What the task asks:
State how many lines in the listing contain the string "Cirila", and add nothing to that number.

Exercise materials:
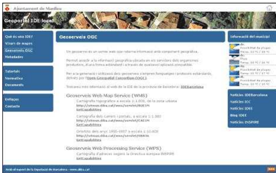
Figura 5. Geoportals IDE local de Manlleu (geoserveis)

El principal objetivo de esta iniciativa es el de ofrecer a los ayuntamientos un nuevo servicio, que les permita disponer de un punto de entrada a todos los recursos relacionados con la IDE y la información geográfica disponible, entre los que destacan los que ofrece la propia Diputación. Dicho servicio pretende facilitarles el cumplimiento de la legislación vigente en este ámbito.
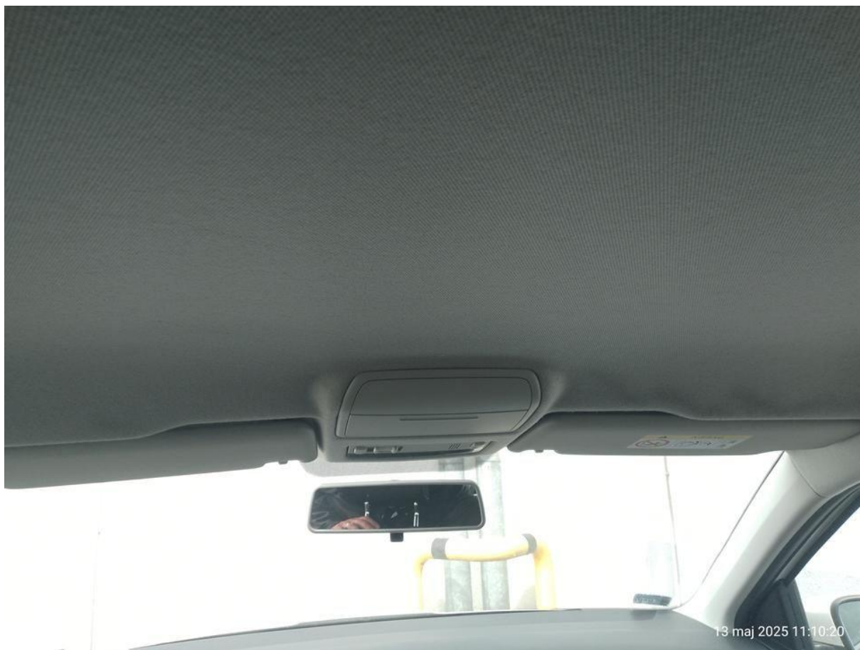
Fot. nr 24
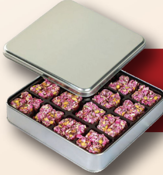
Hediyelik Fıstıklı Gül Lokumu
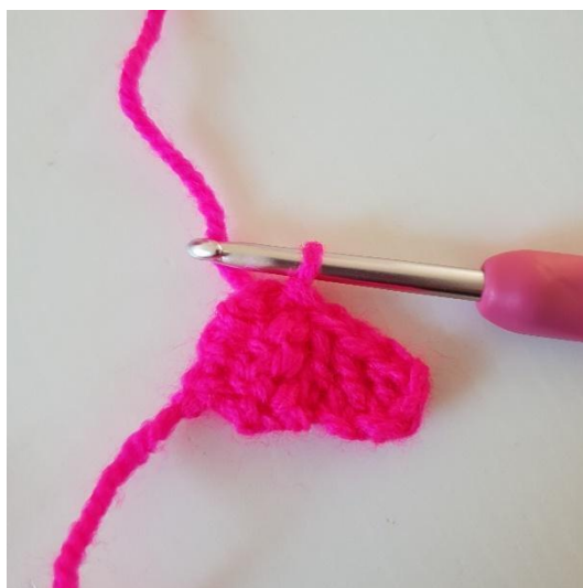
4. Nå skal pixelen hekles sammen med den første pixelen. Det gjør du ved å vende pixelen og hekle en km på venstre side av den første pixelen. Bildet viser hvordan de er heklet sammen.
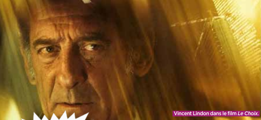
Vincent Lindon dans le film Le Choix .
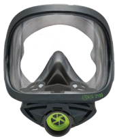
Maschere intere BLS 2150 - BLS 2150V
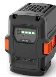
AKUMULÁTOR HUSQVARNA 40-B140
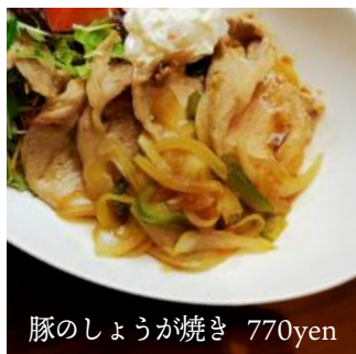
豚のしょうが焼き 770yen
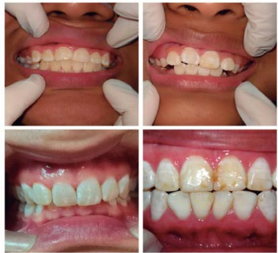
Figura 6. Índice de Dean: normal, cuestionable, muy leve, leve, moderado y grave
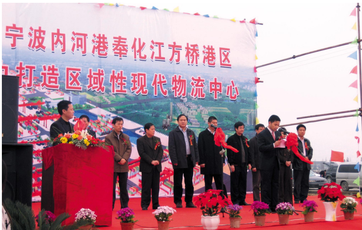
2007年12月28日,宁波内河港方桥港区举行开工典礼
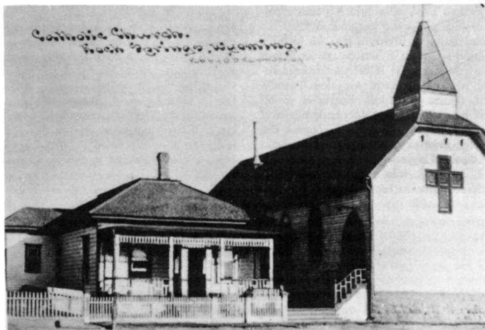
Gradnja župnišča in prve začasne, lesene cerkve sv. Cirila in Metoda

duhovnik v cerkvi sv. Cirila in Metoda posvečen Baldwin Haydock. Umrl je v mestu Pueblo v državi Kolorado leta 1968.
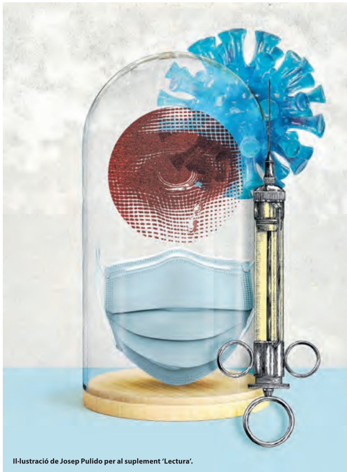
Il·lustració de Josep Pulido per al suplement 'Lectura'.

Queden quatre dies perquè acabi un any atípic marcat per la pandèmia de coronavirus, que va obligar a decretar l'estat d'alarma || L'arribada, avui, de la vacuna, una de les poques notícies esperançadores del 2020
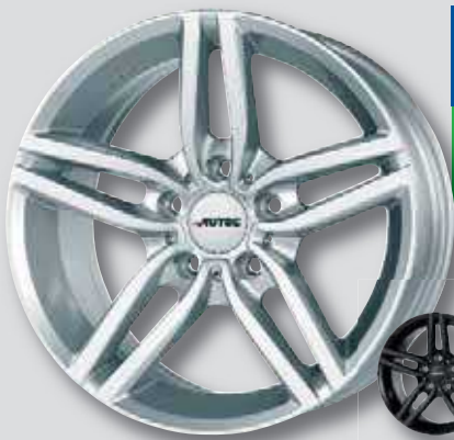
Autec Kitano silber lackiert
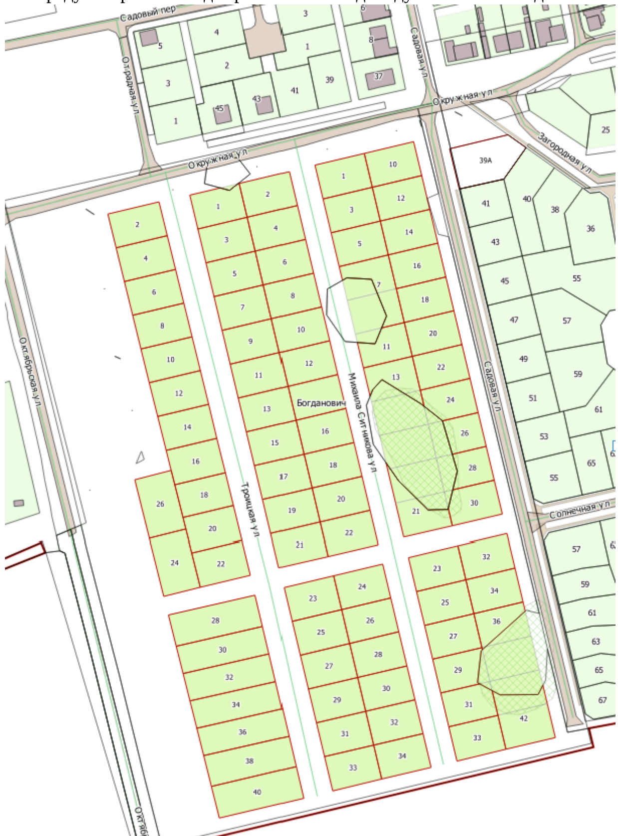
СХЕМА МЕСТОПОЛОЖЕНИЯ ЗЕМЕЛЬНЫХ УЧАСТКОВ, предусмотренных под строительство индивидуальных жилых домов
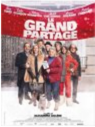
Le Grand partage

Solved exercise:
2